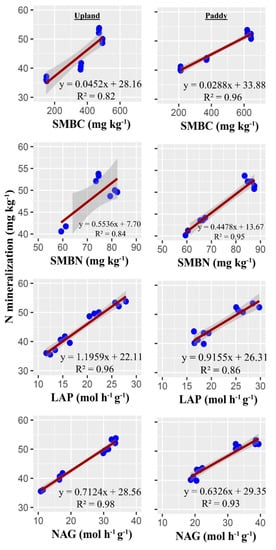 Relationship between net N mineralization and SMBC, SMBN, LAP and NAG under long-term upland and paddy experiment. The shaded area indicates the range at 95% confidence intervals. Permutation p values less than 0.05 and 0.01 were considered significantly different at p < 0.05 and p < 0.01.
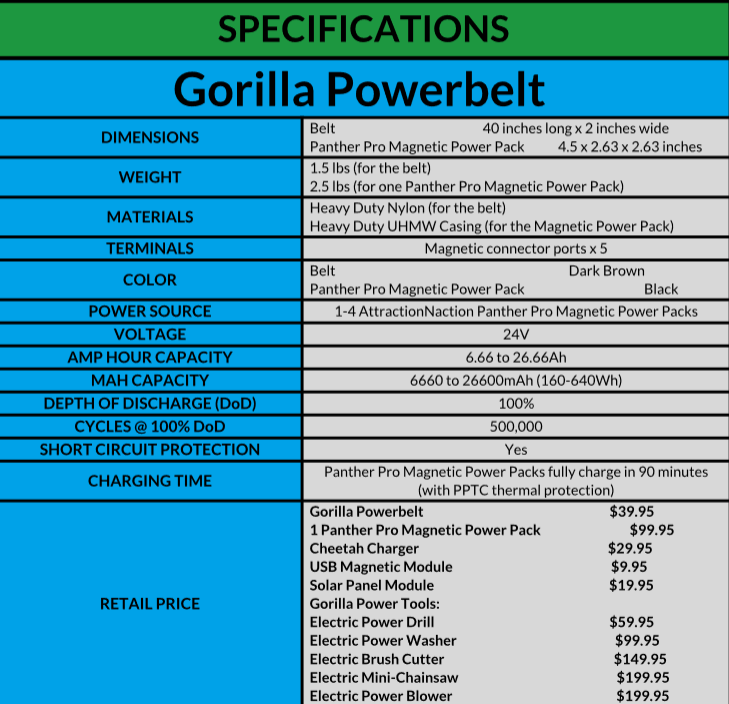 Our Gorilla Powerbelt is also scalable. You can increase the power and energy as needed by connecting more power packs to the belt. The Gorilla Powerbelt can hookup 4 magnetic power packs at the same time for heavy power demands.
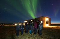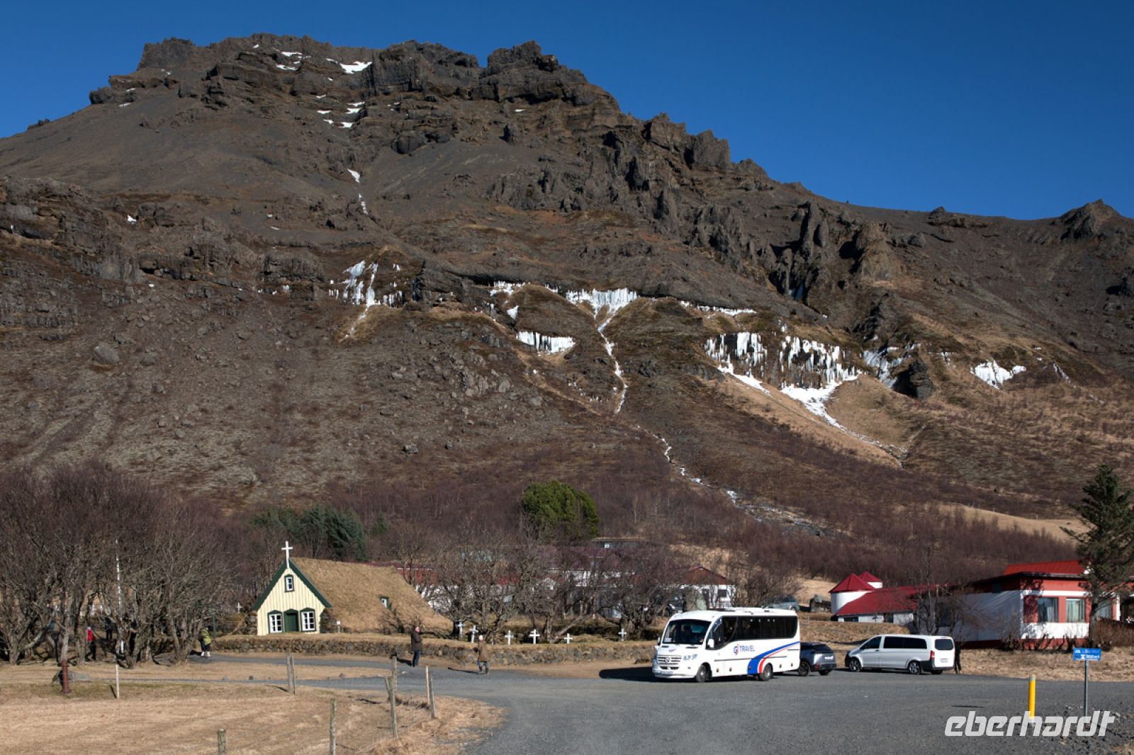 Frühstück 7 Uhr. 8.00 Abfahrt. Kurz nach 10 Stop an der Schwarzen Kirche und Weiterfahrt im Süden der Halbinsel Snæfellsnes. Es herrscht Sturm und es ist sehr kalt. Die RT flüchten schnell wieder in den Bus. Die Walsafari wurde wegen des Sturmes abgesagt. Rast Mittag von 11 bis 11.30 Uhr in Arnastapi. 1 Stunde verbringen wir in der hochinteressanten Lava Höhle Vatnshellir Cave. Alle sind begeistert als Ersatz für die Walsafari. Weiterfahrt 13.15. Stop in Olafsvik. 14.30 weiter zum Berg Kirkjufell. 15.15 Uhr Abfahrt vom schönsten Berg Islands zurück zum Hotel. 17 Uhr Ankunft Hotel, 19 Uhr Abendessen.Eine halbe Stunde nach Mitternacht ziehen Polarlichter auf. Wir haben eine WA Gruppe gebildet, bin mit 4 Leuten bis 2.30 Uhr draußen. KP2 bereits beachtliche Fotos.
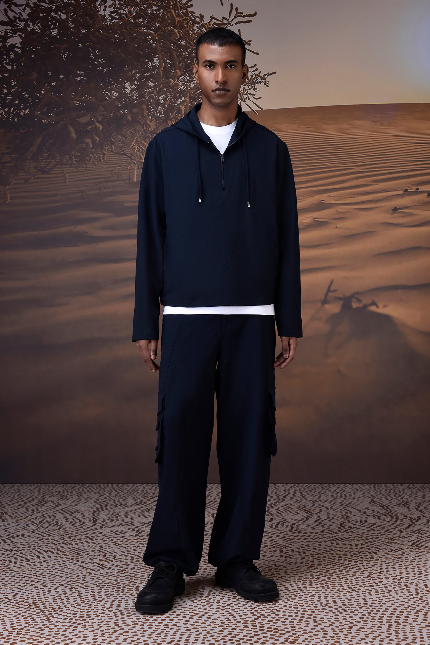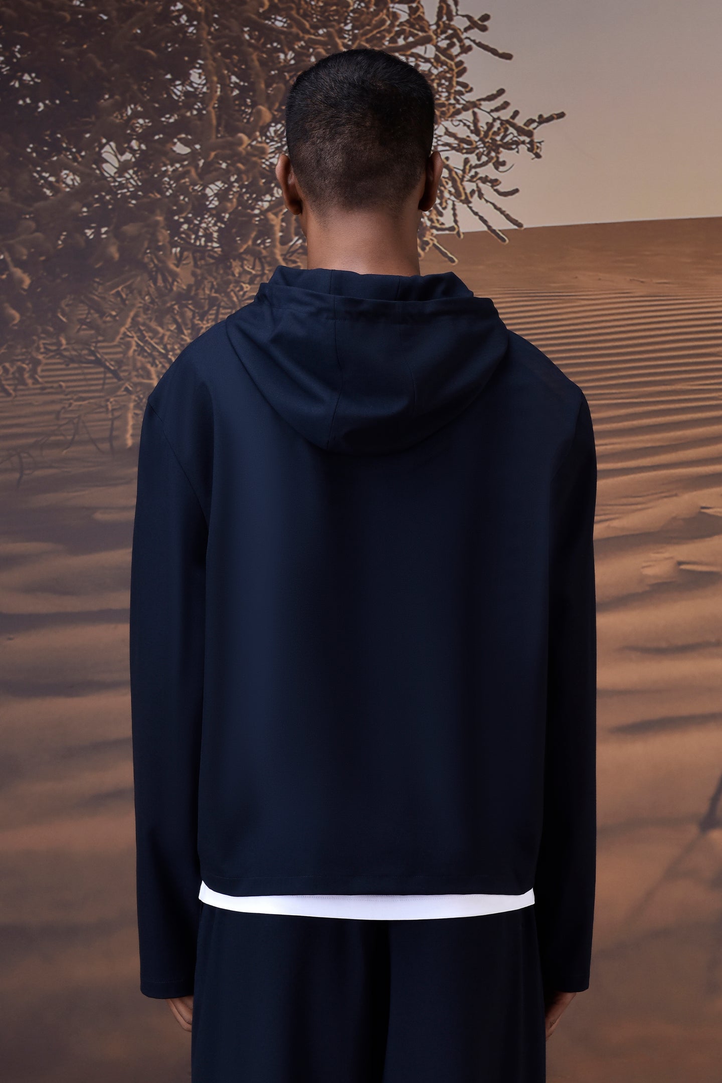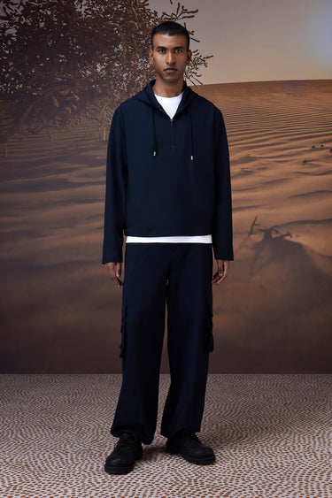 Cut from a smooth poly viscose lycra blend, this navy hoodie blends minimalism with comfort in a silhouette that works beyond loungewear. The fabric offers a clean drape with gentle stretch, allowing ease of movement without losing structure. A half-zip neckline with metal-tipped drawcords adds subtle detailing, while the straight hem layers effortlessly over tees or under outerwear.
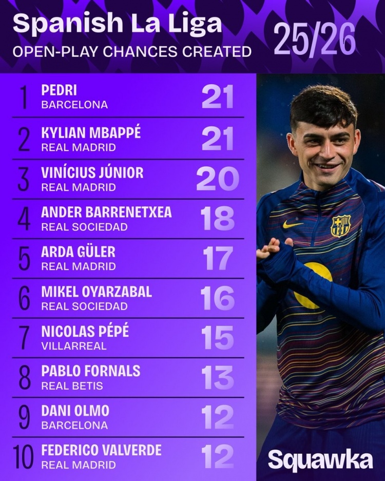 10月16日讯 日前,Squawka统计了本赛季西甲通顺战创造契机名次,
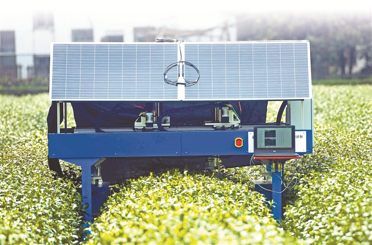 浙江省杭州市,智能采茶机器人在茶园里采摘茶叶的嫩芽。 图片来源:视觉中国

**What the task requires:** Write out an exact copy of the listing, first line through the line containing "Our Gorilla Powerbelt", with the pictures left out.

**Task output:**
 Relationship between net N mineralization and SMBC, SMBN, LAP and NAG under long-term upland and paddy experiment. The shaded area indicates the range at 95% confidence intervals. Permutation p values less than 0.05 and 0.01 were considered significantly different at p < 0.05 and p < 0.01.
 Our Gorilla Powerbelt is also scalable. You can increase the power and energy as needed by connecting more power packs to the belt. The Gorilla Powerbelt can hookup 4 magnetic power packs at the same time for heavy power demands.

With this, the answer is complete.